• **Exercise details**
Below are some records. Retype exactly the lines from the one containing "4、完成数字1填色后,切换到数字3对应的颜色,继续为图案中数字3的格子进行填色。" through the one containing "- Generous Capacity: Each", both included, skipping every picture.

[[ Materials provided open ]]

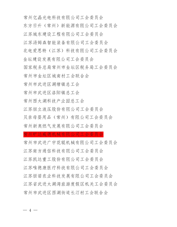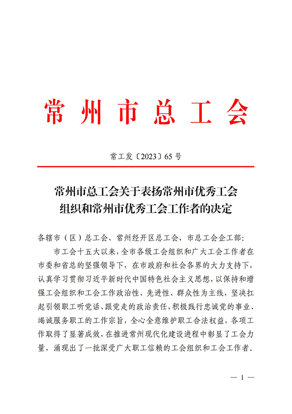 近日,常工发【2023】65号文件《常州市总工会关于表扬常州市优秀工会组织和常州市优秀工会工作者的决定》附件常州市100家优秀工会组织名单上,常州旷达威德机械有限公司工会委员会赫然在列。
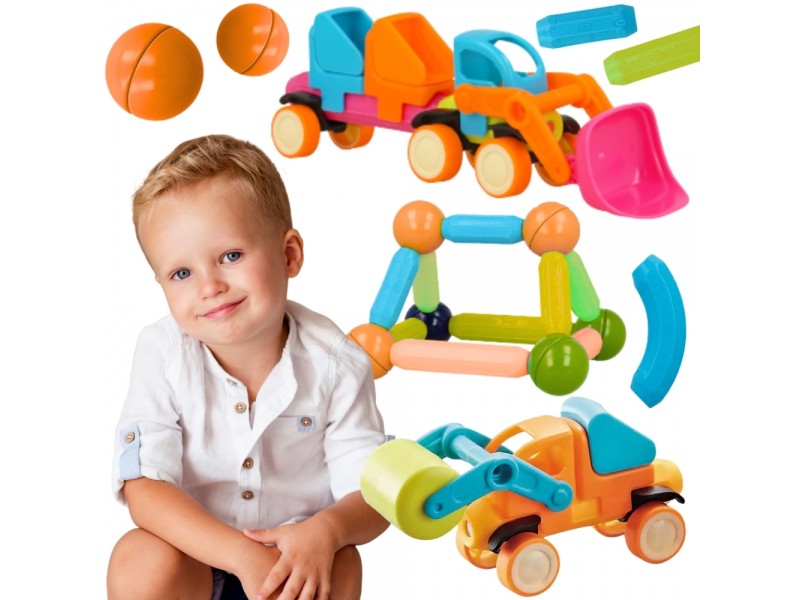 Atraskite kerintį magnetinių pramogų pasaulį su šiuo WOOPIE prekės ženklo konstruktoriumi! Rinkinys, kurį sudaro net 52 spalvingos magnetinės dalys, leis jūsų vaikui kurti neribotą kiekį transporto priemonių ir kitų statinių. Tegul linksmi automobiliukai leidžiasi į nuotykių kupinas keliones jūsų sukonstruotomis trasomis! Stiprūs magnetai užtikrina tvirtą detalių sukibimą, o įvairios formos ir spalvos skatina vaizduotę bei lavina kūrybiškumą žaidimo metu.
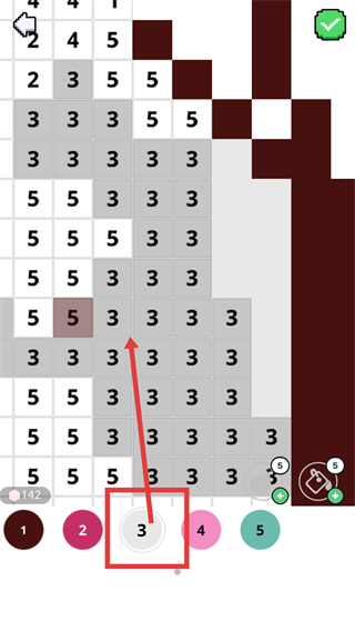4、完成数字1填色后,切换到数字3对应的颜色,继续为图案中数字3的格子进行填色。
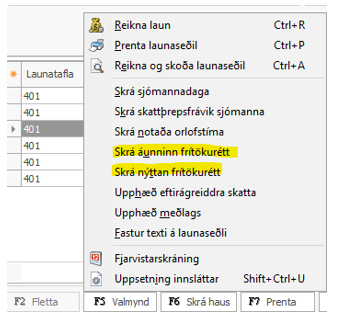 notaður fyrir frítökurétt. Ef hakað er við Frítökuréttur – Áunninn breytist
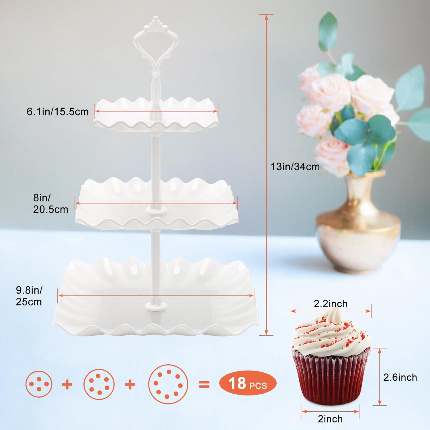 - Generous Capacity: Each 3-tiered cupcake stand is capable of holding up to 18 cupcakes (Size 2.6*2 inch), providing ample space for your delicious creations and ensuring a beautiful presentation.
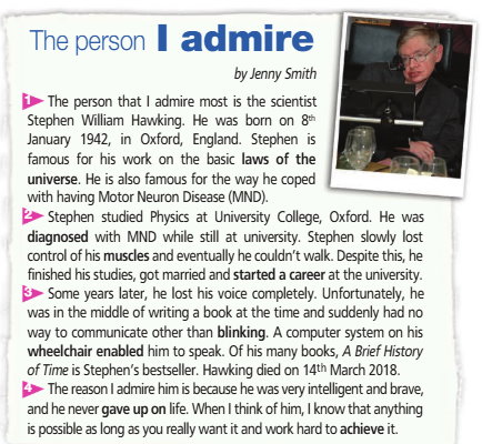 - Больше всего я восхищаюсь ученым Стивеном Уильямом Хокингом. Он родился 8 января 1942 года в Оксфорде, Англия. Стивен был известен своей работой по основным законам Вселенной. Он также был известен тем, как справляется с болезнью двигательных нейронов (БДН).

[[ Materials provided closed ]]
[[ Materials provided open ]]

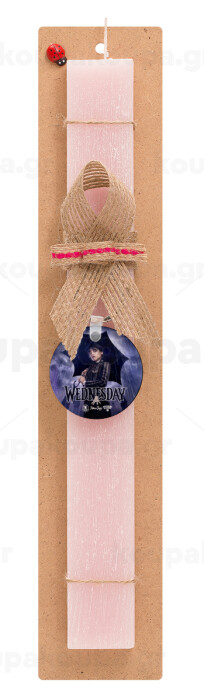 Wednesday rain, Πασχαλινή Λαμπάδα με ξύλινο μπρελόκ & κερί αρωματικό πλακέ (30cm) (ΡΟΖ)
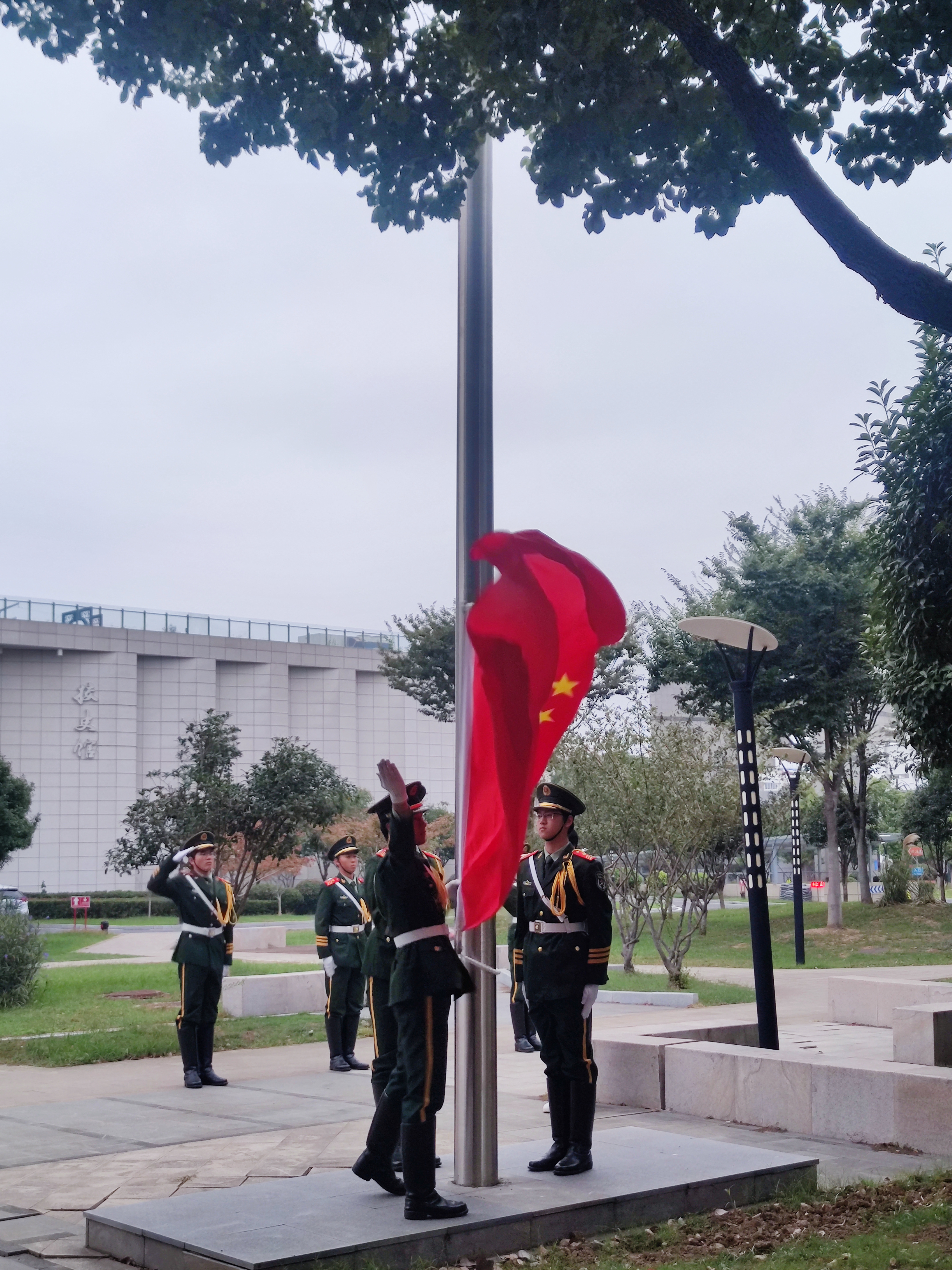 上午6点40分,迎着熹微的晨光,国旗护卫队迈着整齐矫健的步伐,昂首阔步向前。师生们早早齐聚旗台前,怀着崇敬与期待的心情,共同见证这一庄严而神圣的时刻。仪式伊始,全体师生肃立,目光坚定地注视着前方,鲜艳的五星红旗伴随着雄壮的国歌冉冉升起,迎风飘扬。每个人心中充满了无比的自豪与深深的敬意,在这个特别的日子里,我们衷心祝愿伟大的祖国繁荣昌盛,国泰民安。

[[ Materials provided closed ]]

• **Your response**
4、完成数字1填色后,切换到数字3对应的颜色,继续为图案中数字3的格子进行填色。
 notaður fyrir frítökurétt. Ef hakað er við Frítökuréttur – Áunninn breytist
 - Generous Capacity: Each 3-tiered cupcake stand is capable of holding up to 18 cupcakes (Size 2.6*2 inch), providing ample space for your delicious creations and ensuring a beautiful presentation.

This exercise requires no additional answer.